Use rsync to synchronize the current state of your file directories to Storage Box.

rsync --progress -e 'ssh -p23' --recursive <local_directory> <username>@<username>.your-storagebox.de:<target_directory>

This process is called a push operation because it “pushes” a directory from the local system to a remote system.

Restore a directory from cloud storage

To restore a directory from the Storage Box, swap the directories:

rsync --progress -e 'ssh -p23' --recursive <username>@<username>.your-storagebox.de:<remote_directory> <local_directory>

Backup 3. Client backup to secondary cloud storage

Deja Dup is in the Fedora software repo, making it a quick backup solution for Fedora Workstation. It handles the GPG encryption, scheduling, and file inclusion (which directories to back up).

Archive personal data

Not every data needs a 3-2-1 backup strategy. That is personal data share. I repurposed a hand-me-down laptop with a 1TB HDD as an archive of personal data (family photos).

Go to “Sharing” in settings (in my case, the GNOME file manager) and toggle the slider to enable sharing.

Turn on “file sharing”, “Networks” and “Required password”, which allows you to share your public folders with other workstations on your local network using WebDAV.

Prepare fallback options

Untested backups are no better than no backups at all. I take the ‘hot swap’ approach in a home lab environment where disruptions like frequent power outages or liquid damages do happen. However, my recommendations are far from disaster recovery plans or automatic failover in corporate IT.

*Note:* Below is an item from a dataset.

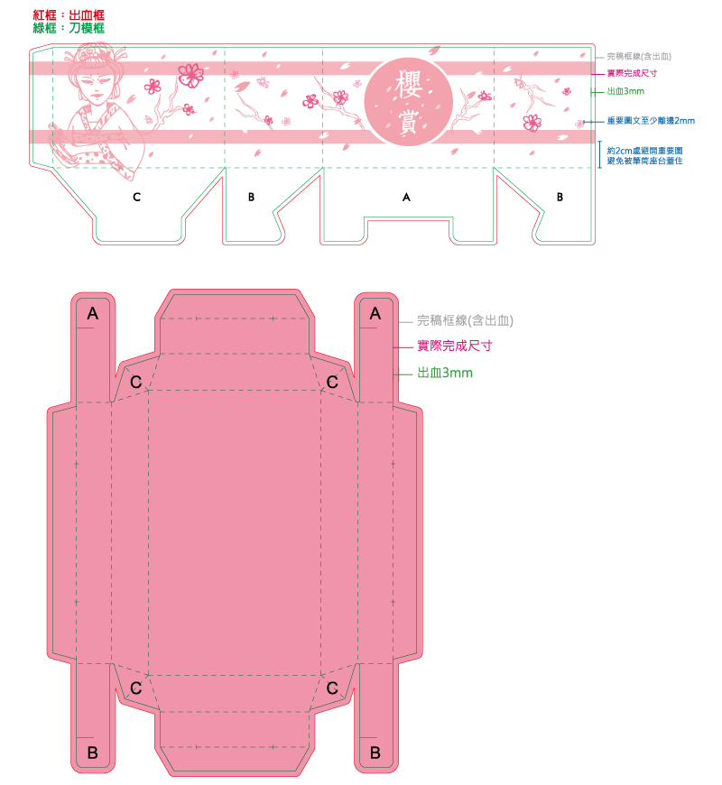 - 二格筆筒製作時,重要圖文請勿太靠近綠色框線,建議距離2mm以上(或距離出血框5mm以上),以免裁切誤差造成圖文被裁切。筆筒外箱約有2cm會被筆筒座台蓋住,重要圖文請避開。

• Dry run restoration of files on a regular basis
• Backup ssh/GPG keys onto an external storage device
• Copy a raw image of the Fedora ARM server onto an SD card
• Keep snapshots of full backups at primary cloud storage
• Automate backup process to minimize human error or oversight

Track activity and troubleshoot with Cockpit

As your project grows, so does the number of servers you manage. Activity and alert tracking in Cockpit ease your administrative burden. You can achieve this in three ways using Cockpit’s graphical interface.

SELinux menu

How to diagnose network issues, find logs and troubleshoot in Cockpit

• Go to SELinux to check logs
• Check “solution details”
• Select “Apply this solution” when necessary
• View automation script and run it if necessary

Network or storage logs

Server logs track detailed metrics that correlate CPU load, memory usage, network activity, and storage performance with the system’s journal. Logs are organized under the network or storage dashboard.

Software updates

Cockpit helps security updates on preset time and frequency. You can run all updates when you need them.

Congratulations on setting up a file/backup server with the Fedora ARM server edition.